# Middle chainring replacement



## jonj (Jun 18, 2015)

I am new to mountain biking and want to replace the middle chainring on my crankset. It is a Shimano Alivio, 22/32/44 teeth, and I just need to replace the middle 32T 104mm chainring. I want to find the cheapest chainring I can. I ordered one, but it didn't fit, even though the BCD, brand and teeth were the same, but it was a 9 speed chainring and mine is an 11 speed bike (so I'm guessing that was the problem).

Can someone please help me with what to look for so I get the right chainring when shopping around for a new middle chainring for this crankset? Does it have to be an 11 speed or can it be a 10 speed?


----------



## One Pivot (Nov 20, 2009)

You have an alivio crank on a 11 speed bike? That would be very unusual... 11s is the highest end drivetrain out there right now, usually paired with a similarly high end crank with only a single front chainring thats not 104 bcd. Are you sure you have 11 cogs on your rear cassette? What chainring did you buy that didnt fit?

A deore ring should fit. They're about 15 bucks. Any 104 ring should fit actually.


----------



## jonj (Jun 18, 2015)

Thanks for your reply. 
Maybe I am not accurate in my description. It's a stock 2001 trek fuel 80. There are 3 gears/rings in the front crank and 8 cogs on the rear for a total of 11. I know that it's more than 11 speeds, but I thought when looking for parts it was considered an 11 speed. 
I bought a supposed shimano deore 104mm 32t chainring that was for a 9 speed bike from bikewagon, but the middle is a tiny bit too small to fit onto the crank.
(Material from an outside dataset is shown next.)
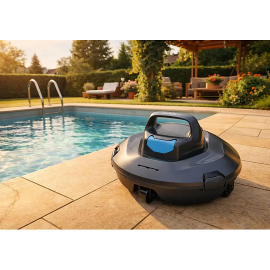 Model SupraVac Trinity je určen pro všechny typy bazénů — včetně slané vody do 5000 ppm. S kapacitou zásobníku 2,4 litru a průtokem 75,3 l/min si poradí i s většími nečistotami. Bez problémů se ponoří až do hloubky 2 metrů.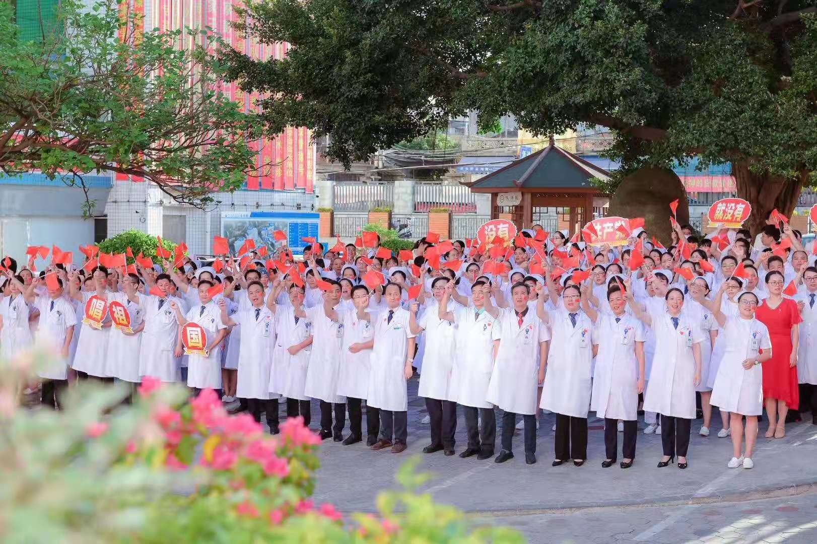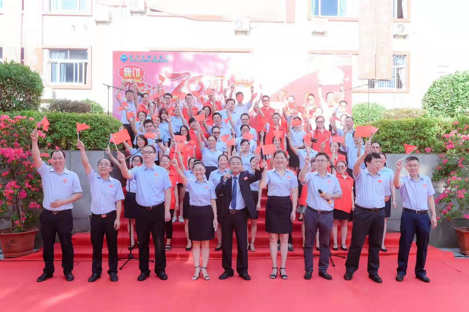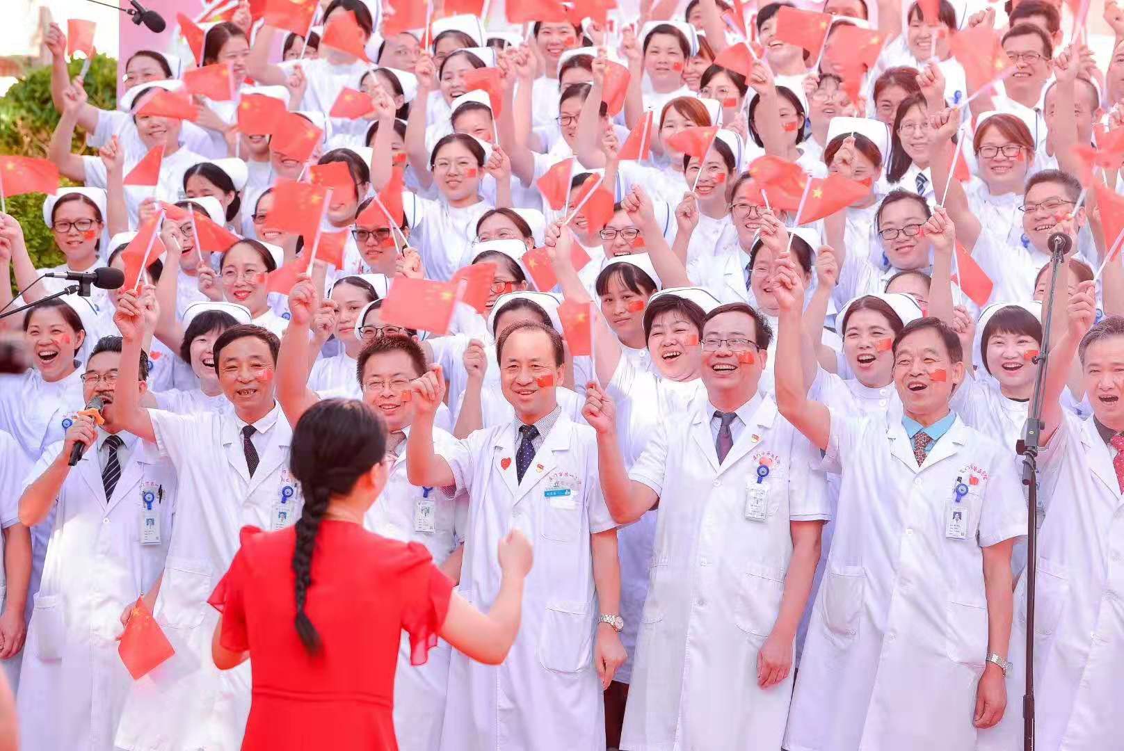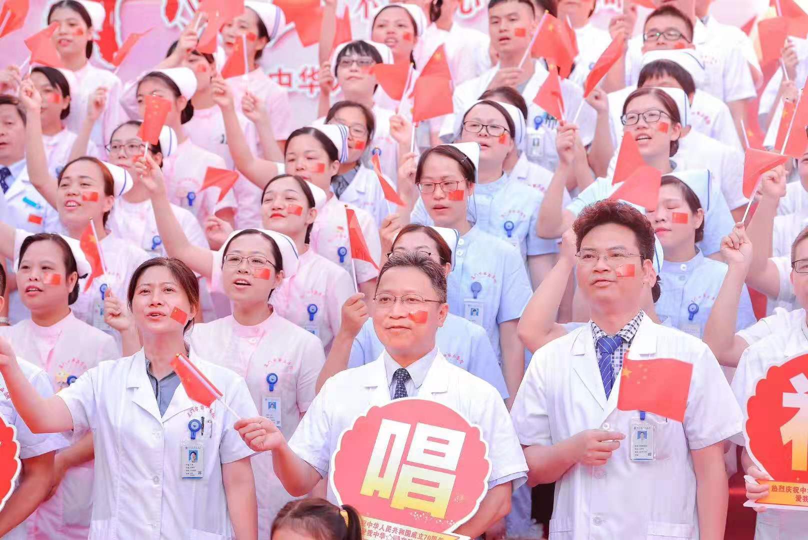 9月30日上午,九州娱乐app-九州app下载 举行庆祝中华人民共和国成立70周年主题活动。现场举行了庄严的升国旗仪式,党委书记丁丽远同志带领全体医务人员高唱国歌。升旗仪式后,黄继义院长做了国旗下讲话,对全院职工进行爱国主义教育。随后,全体五院职工唱响《我的中国心》、《我们走在大路上》、 《团结就是力量》、 《中国人》、《没有共产党就没有新中国》、《歌唱祖国》等红歌,共祝祖国70年华诞。最后,九州娱乐app 全体党政领导班子和医联体成员共同高歌《我和我的祖国》,将主题活动推向高潮。

The bolt holes line up right, but the metal below the bolt hole is just a tiny bit too long for it to sit onto the crank and the teeth seem to line up a little different too.

Any help out education is greatly appreciated.


----------



## jonj (Jun 18, 2015)

The exact part that didn't fit is listed as a shimano deore fc-m532 32 teeth 9 speed chainring


----------



## perttime (Aug 26, 2005)

jonj said:


> ... There are 3 gears/rings in the front crank and 8 cogs on the rear have a (3 * 8 = ) 24 gears -although only the rear 8 is often mentioned because people don't always use 3 chainrings.
> 
> it has been a while since I last replaced chainrings, and never for 8-speed but ...
> What cranks/bottom bracket do you have? I found this about the ring you bought:
> "Chainrings from Shimano HollowtechII & Octalink MTB cranksets have different length tabs & are not interchangable"


----------



## Misterg (Jul 17, 2014)

You have 8 sprockets on the rear which defines your transmission as an an '8 speed' (3 x 8 if you like), so you need an '8 speed' chainring.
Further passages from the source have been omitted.